Supplied material:
----------
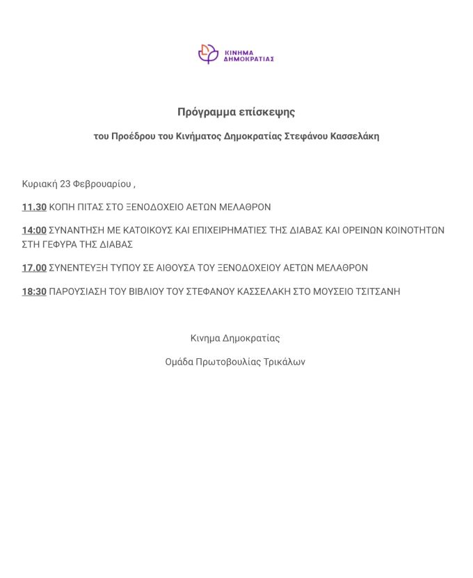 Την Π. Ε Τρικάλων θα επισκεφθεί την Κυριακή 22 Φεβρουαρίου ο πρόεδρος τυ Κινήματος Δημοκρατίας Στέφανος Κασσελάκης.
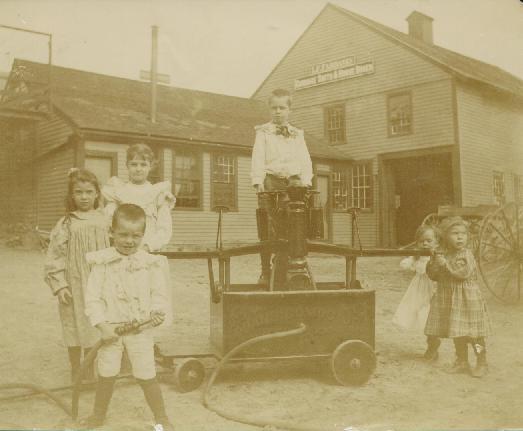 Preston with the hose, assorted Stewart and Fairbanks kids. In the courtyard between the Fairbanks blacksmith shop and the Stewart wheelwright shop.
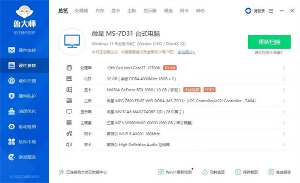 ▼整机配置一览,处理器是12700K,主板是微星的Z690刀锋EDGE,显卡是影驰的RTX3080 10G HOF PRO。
----------
Task description:
Drop every picture from the data, then output all the rest exactly.

Result for this exercise:
 Την Π. Ε Τρικάλων θα επισκεφθεί την Κυριακή 22 Φεβρουαρίου ο πρόεδρος τυ Κινήματος Δημοκρατίας Στέφανος Κασσελάκης.
 Preston with the hose, assorted Stewart and Fairbanks kids. In the courtyard between the Fairbanks blacksmith shop and the Stewart wheelwright shop.
 ▼整机配置一览,处理器是12700K,主板是微星的Z690刀锋EDGE,显卡是影驰的RTX3080 10G HOF PRO。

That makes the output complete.